### SUPPLIED INFORMATION

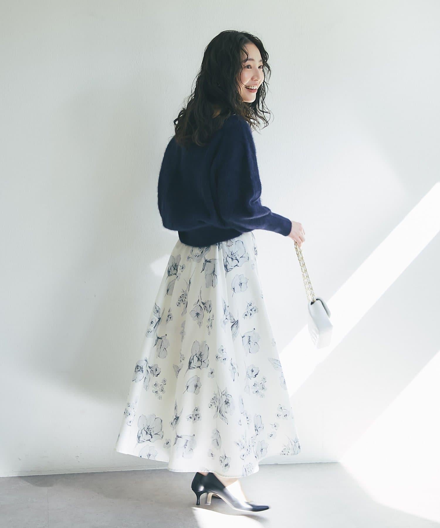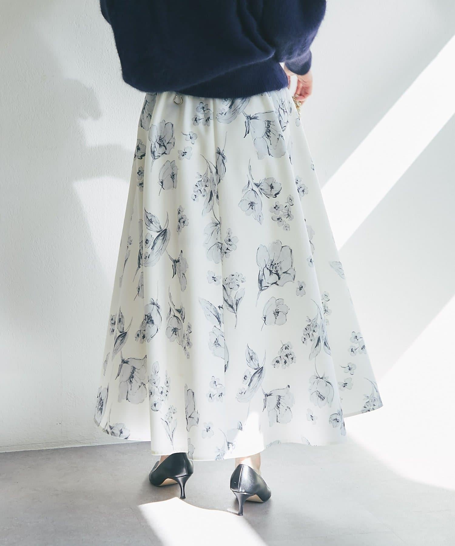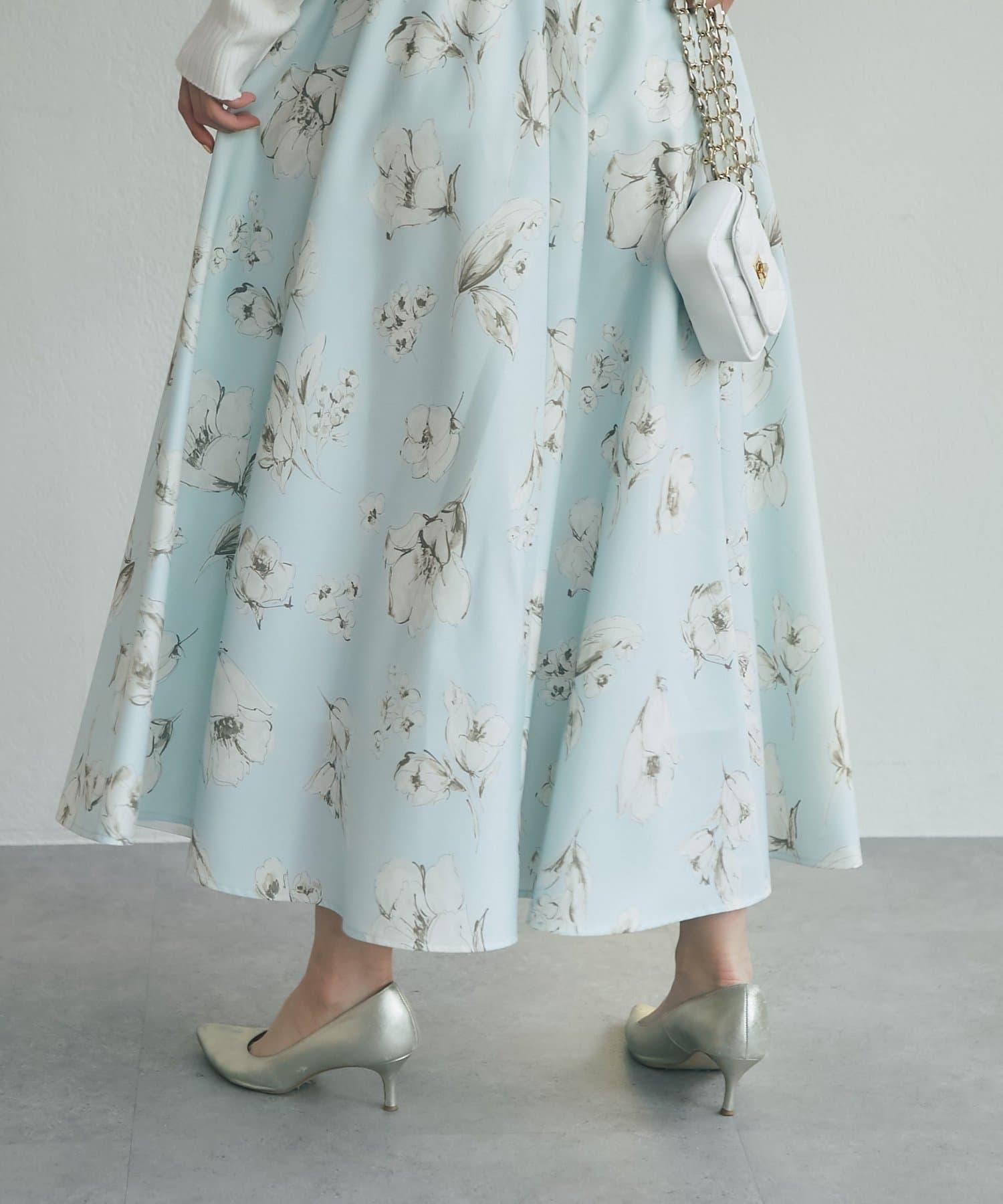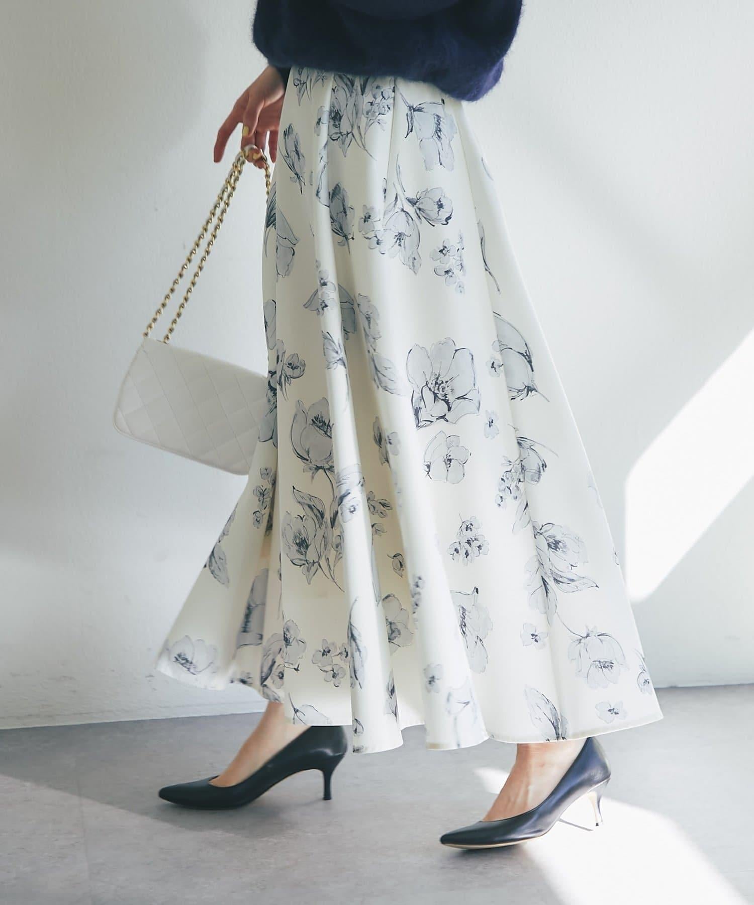 帶有精緻水彩觸感的喇叭裙,花朵圖案營造出女性的柔美氛圍。
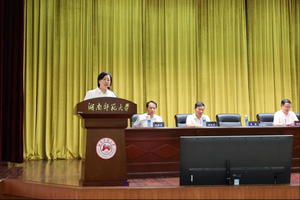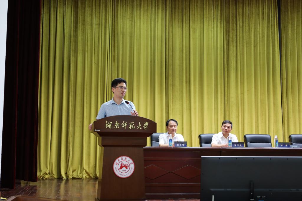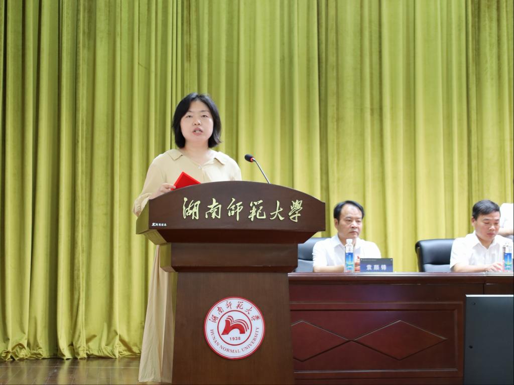 学院博士生导师、湖南省杰出青年基金获得者、湖湘青年英才、湖南省青年骨干教师王欣教授代表教师发言,她提出学生要把个人命运与国家命运紧密结合:一要努力学习,让自己成为地理学领域的专业人才;二要锻炼身体,提高身体素质,终身锻炼;三要扩宽视野增长见识,积极参加社团、学术活动,仁爱友善,心胸开阔,见贤思齐,用奋斗点亮青春,成就人生目标。
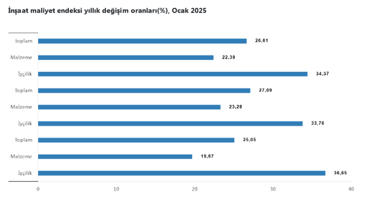 İnşaat maliyet endeksi, 2025 yılı Ocak ayında bir önceki aya göre yüzde 9,10 arttı, bir önceki yılın aynı ayına göre yüzde 26,61 arttı. Bir önceki aya göre malzeme endeksi yüzde 1,96 arttı, işçilik endeksi yüzde 23,58 arttı. Ayrıca bir önceki yılın aynı ayına göre malzeme endeksi yüzde 22,39 arttı, işçilik endeksi yüzde 34,37 arttı.
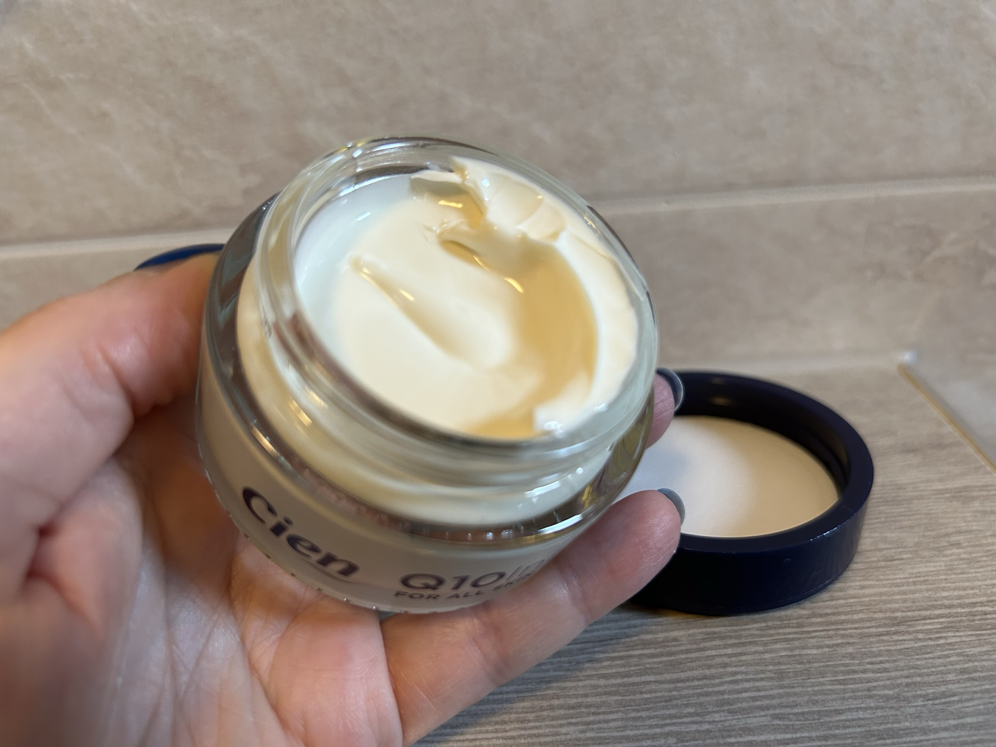 Treća isprobana povoljnija noćna krema za osobe stare između 30 i 50 godina Lidlova je Cien Q10 Intense krema, čijih 50 ml stoji 2,89 eura. Ugodnog je mirisa. Teksturom je gušća, ali lako se razmaže i lice kremu brzo upije. Neznatni zaostali masni film na licu tek se kratko osjeti. Koža je ujutro glatka, djeluje odmorno, manje bore djeluju zaglađenije. Iako proizvođač navodi da je za sve tipove kože, preporučiti ovu kremu možemo za suhu i mješovitu kožu, ali ne i za jače masnu. Pruža 24-satnu hidratizaciju, pomaže obnavljanju kože, smanjuje blaže i srednje bore. Krema sadrži učinkovitu formulu s antioksidansima Q10 i vitaminom E.

######

**EXERCISE**
The material above is to be output exactly, with each picture left out.

**RESULT FOR THIS TASK**
 帶有精緻水彩觸感的喇叭裙,花朵圖案營造出女性的柔美氛圍。
 学院博士生导师、湖南省杰出青年基金获得者、湖湘青年英才、湖南省青年骨干教师王欣教授代表教师发言,她提出学生要把个人命运与国家命运紧密结合:一要努力学习,让自己成为地理学领域的专业人才;二要锻炼身体,提高身体素质,终身锻炼;三要扩宽视野增长见识,积极参加社团、学术活动,仁爱友善,心胸开阔,见贤思齐,用奋斗点亮青春,成就人生目标。
 İnşaat maliyet endeksi, 2025 yılı Ocak ayında bir önceki aya göre yüzde 9,10 arttı, bir önceki yılın aynı ayına göre yüzde 26,61 arttı. Bir önceki aya göre malzeme endeksi yüzde 1,96 arttı, işçilik endeksi yüzde 23,58 arttı. Ayrıca bir önceki yılın aynı ayına göre malzeme endeksi yüzde 22,39 arttı, işçilik endeksi yüzde 34,37 arttı.
 Treća isprobana povoljnija noćna krema za osobe stare između 30 i 50 godina Lidlova je Cien Q10 Intense krema, čijih 50 ml stoji 2,89 eura. Ugodnog je mirisa. Teksturom je gušća, ali lako se razmaže i lice kremu brzo upije. Neznatni zaostali masni film na licu tek se kratko osjeti. Koža je ujutro glatka, djeluje odmorno, manje bore djeluju zaglađenije. Iako proizvođač navodi da je za sve tipove kože, preporučiti ovu kremu možemo za suhu i mješovitu kožu, ali ne i za jače masnu. Pruža 24-satnu hidratizaciju, pomaže obnavljanju kože, smanjuje blaže i srednje bore. Krema sadrži učinkovitu formulu s antioksidansima Q10 i vitaminom E.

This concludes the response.